### REQUIRED ACTION
Apart from the pictures, everything in the lines below must be printed exactly.

### INFORMATION SUPPLIED
※

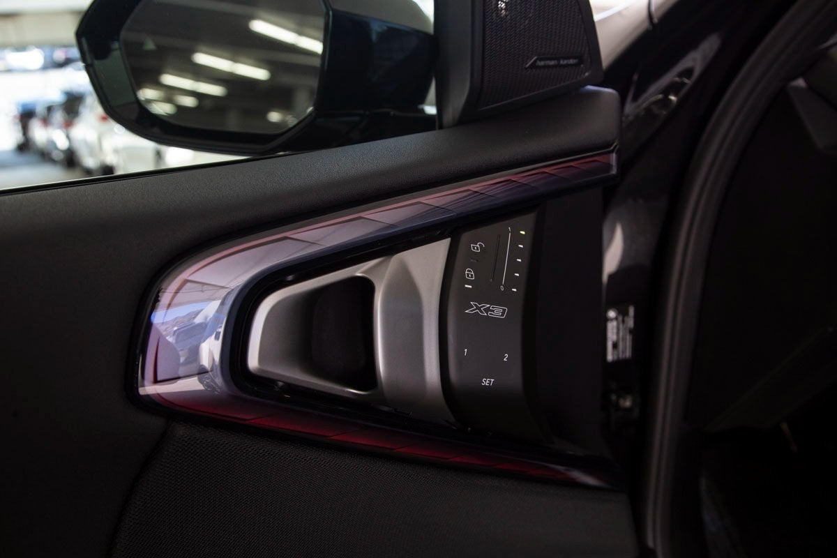 The refined interior features Veganza Perforated & Quilted Upholstery, Front Ventilated & Heated Seats, and a Heated Steering Wheel for yearround comfort. Driver memory seating with lumbar support, a Premium Sound System with Harman/Kardon Surround and 12 speakers, and genuine wood trim elevate every journey. The sportcentric M Steering Wheel and driverfocused layout bring a dynamic feel to the cockpit.
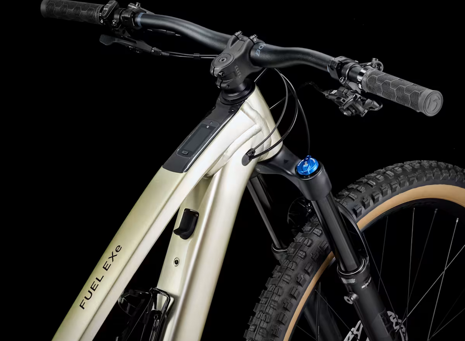 A Fuel EXe 8 é uma mountain bike elétrica de alumínio pronta para trilhas que auxilia você silenciosamente nas subidas para que você tenha toda a potência necessária nas descidas. Tal como a sua equivalente em carbono, possui a aparência e o comportamento de uma bicicleta de trail tradicional, mas com o suporte adicional de um pequeno mas poderoso sistema de acionamento por conjunto de coroas e pinhões harmônicos com uma sofisticada unidade de visualização no tubo superior e um controlador compacto. Ela vem pronta para arrepiar com os componentes atualizados mais importantes, como um pacote de suspensão FOX, rodas largas Bontrager Line Comp Tubeless Ready e uma transmissão Shimano XT de 12 velocidades.
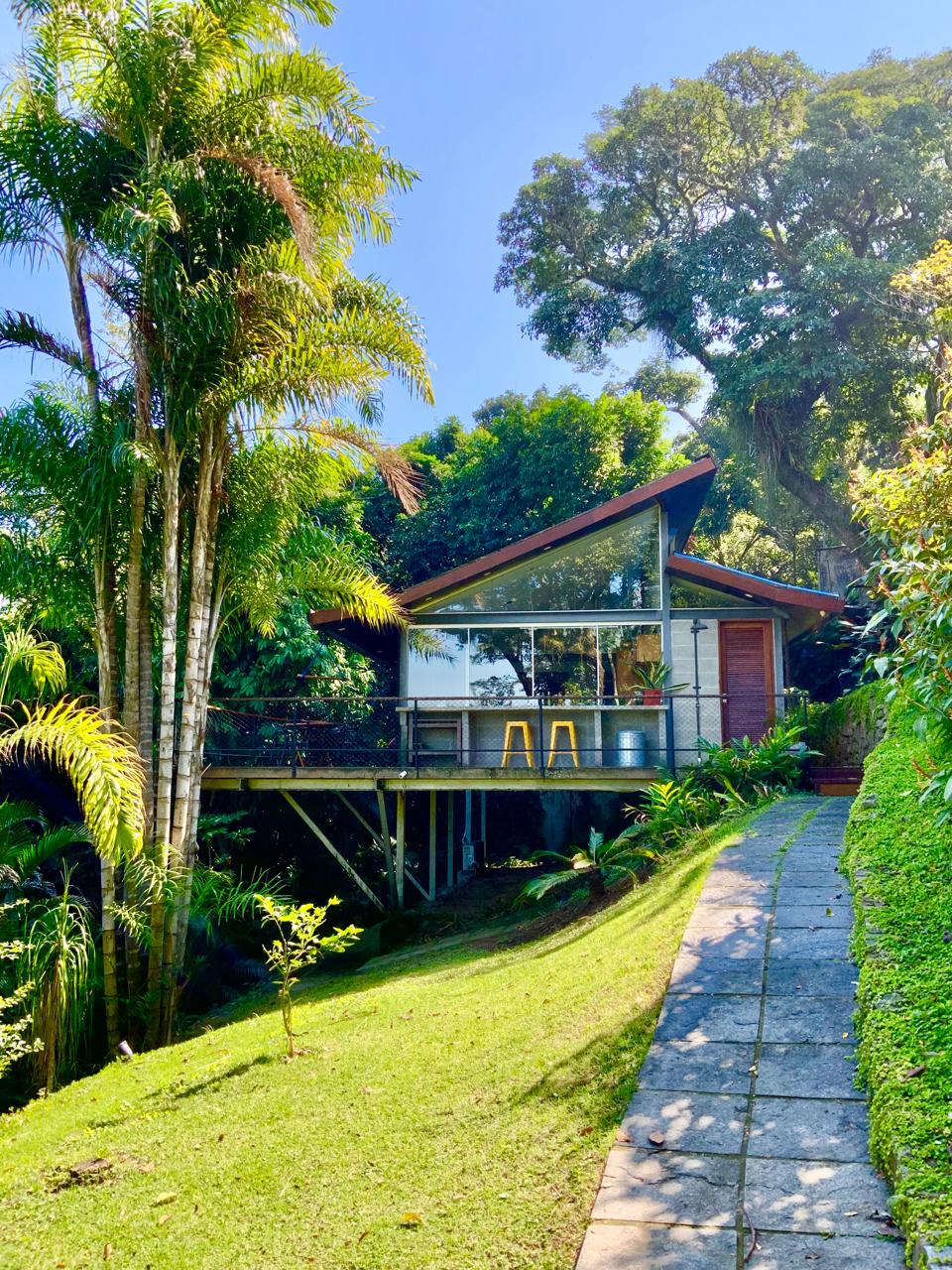Casa de arquitetura contemporânea no coração da Floresta da Tijuca, com vista para o Cristo, em Santa Teresa. Cozinha gourmet integrada, amplo deck, ducha externa, jardim próprio e acesso à piscina da casa principal.

※

### SOLUTION
 The refined interior features Veganza Perforated & Quilted Upholstery, Front Ventilated & Heated Seats, and a Heated Steering Wheel for yearround comfort. Driver memory seating with lumbar support, a Premium Sound System with Harman/Kardon Surround and 12 speakers, and genuine wood trim elevate every journey. The sportcentric M Steering Wheel and driverfocused layout bring a dynamic feel to the cockpit.
 A Fuel EXe 8 é uma mountain bike elétrica de alumínio pronta para trilhas que auxilia você silenciosamente nas subidas para que você tenha toda a potência necessária nas descidas. Tal como a sua equivalente em carbono, possui a aparência e o comportamento de uma bicicleta de trail tradicional, mas com o suporte adicional de um pequeno mas poderoso sistema de acionamento por conjunto de coroas e pinhões harmônicos com uma sofisticada unidade de visualização no tubo superior e um controlador compacto. Ela vem pronta para arrepiar com os componentes atualizados mais importantes, como um pacote de suspensão FOX, rodas largas Bontrager Line Comp Tubeless Ready e uma transmissão Shimano XT de 12 velocidades.
Casa de arquitetura contemporânea no coração da Floresta da Tijuca, com vista para o Cristo, em Santa Teresa. Cozinha gourmet integrada, amplo deck, ducha externa, jardim próprio e acesso à piscina da casa principal.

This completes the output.